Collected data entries
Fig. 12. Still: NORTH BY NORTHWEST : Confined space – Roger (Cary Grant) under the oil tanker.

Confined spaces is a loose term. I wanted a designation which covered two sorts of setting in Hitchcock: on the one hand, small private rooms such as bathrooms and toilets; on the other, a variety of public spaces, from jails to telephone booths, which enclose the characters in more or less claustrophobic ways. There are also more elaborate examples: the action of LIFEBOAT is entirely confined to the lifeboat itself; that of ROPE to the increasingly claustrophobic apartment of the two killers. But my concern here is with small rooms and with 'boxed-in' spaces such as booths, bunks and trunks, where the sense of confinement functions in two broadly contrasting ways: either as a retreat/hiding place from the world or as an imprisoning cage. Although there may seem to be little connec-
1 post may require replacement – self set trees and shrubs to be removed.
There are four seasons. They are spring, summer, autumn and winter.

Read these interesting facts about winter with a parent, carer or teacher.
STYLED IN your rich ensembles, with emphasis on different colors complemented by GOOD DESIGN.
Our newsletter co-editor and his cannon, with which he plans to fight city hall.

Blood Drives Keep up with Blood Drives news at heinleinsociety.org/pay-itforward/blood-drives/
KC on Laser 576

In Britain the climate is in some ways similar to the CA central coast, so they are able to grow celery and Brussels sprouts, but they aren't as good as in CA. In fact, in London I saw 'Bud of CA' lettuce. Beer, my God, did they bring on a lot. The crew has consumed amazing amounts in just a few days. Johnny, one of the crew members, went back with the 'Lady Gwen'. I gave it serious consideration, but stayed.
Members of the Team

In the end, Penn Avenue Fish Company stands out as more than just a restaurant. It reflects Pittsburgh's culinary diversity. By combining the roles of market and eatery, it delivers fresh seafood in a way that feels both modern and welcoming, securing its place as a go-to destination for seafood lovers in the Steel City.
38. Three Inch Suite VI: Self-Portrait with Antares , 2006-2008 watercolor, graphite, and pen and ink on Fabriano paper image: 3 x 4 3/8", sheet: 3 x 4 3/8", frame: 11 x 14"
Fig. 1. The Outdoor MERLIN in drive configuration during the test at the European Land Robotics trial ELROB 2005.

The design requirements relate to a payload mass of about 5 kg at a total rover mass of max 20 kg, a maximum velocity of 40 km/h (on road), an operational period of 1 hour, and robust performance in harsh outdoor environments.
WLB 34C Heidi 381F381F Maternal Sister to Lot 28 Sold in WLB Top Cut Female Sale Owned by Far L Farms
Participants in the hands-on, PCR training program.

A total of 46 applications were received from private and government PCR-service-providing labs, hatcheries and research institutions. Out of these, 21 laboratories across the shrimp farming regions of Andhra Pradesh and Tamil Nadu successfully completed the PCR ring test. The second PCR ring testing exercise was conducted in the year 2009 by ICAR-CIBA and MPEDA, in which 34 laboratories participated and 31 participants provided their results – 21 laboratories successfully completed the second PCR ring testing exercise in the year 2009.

-- Assigned task --
All the entries must be retyped exactly.

-- Exercise solution --
Fig. 12. Still: NORTH BY NORTHWEST : Confined space – Roger (Cary Grant) under the oil tanker.

Confined spaces is a loose term. I wanted a designation which covered two sorts of setting in Hitchcock: on the one hand, small private rooms such as bathrooms and toilets; on the other, a variety of public spaces, from jails to telephone booths, which enclose the characters in more or less claustrophobic ways. There are also more elaborate examples: the action of LIFEBOAT is entirely confined to the lifeboat itself; that of ROPE to the increasingly claustrophobic apartment of the two killers. But my concern here is with small rooms and with 'boxed-in' spaces such as booths, bunks and trunks, where the sense of confinement functions in two broadly contrasting ways: either as a retreat/hiding place from the world or as an imprisoning cage. Although there may seem to be little connec-
1 post may require replacement – self set trees and shrubs to be removed.
There are four seasons. They are spring, summer, autumn and winter.

Read these interesting facts about winter with a parent, carer or teacher.
STYLED IN your rich ensembles, with emphasis on different colors complemented by GOOD DESIGN.
Our newsletter co-editor and his cannon, with which he plans to fight city hall.

Blood Drives Keep up with Blood Drives news at heinleinsociety.org/pay-itforward/blood-drives/
KC on Laser 576

In Britain the climate is in some ways similar to the CA central coast, so they are able to grow celery and Brussels sprouts, but they aren't as good as in CA. In fact, in London I saw 'Bud of CA' lettuce. Beer, my God, did they bring on a lot. The crew has consumed amazing amounts in just a few days. Johnny, one of the crew members, went back with the 'Lady Gwen'. I gave it serious consideration, but stayed.
Members of the Team

In the end, Penn Avenue Fish Company stands out as more than just a restaurant. It reflects Pittsburgh's culinary diversity. By combining the roles of market and eatery, it delivers fresh seafood in a way that feels both modern and welcoming, securing its place as a go-to destination for seafood lovers in the Steel City.
38. Three Inch Suite VI: Self-Portrait with Antares , 2006-2008 watercolor, graphite, and pen and ink on Fabriano paper image: 3 x 4 3/8", sheet: 3 x 4 3/8", frame: 11 x 14"
Fig. 1. The Outdoor MERLIN in drive configuration during the test at the European Land Robotics trial ELROB 2005.

The design requirements relate to a payload mass of about 5 kg at a total rover mass of max 20 kg, a maximum velocity of 40 km/h (on road), an operational period of 1 hour, and robust performance in harsh outdoor environments.
WLB 34C Heidi 381F381F Maternal Sister to Lot 28 Sold in WLB Top Cut Female Sale Owned by Far L Farms
Participants in the hands-on, PCR training program.

A total of 46 applications were received from private and government PCR-service-providing labs, hatcheries and research institutions. Out of these, 21 laboratories across the shrimp farming regions of Andhra Pradesh and Tamil Nadu successfully completed the PCR ring test. The second PCR ring testing exercise was conducted in the year 2009 by ICAR-CIBA and MPEDA, in which 34 laboratories participated and 31 participants provided their results – 21 laboratories successfully completed the second PCR ring testing exercise in the year 2009.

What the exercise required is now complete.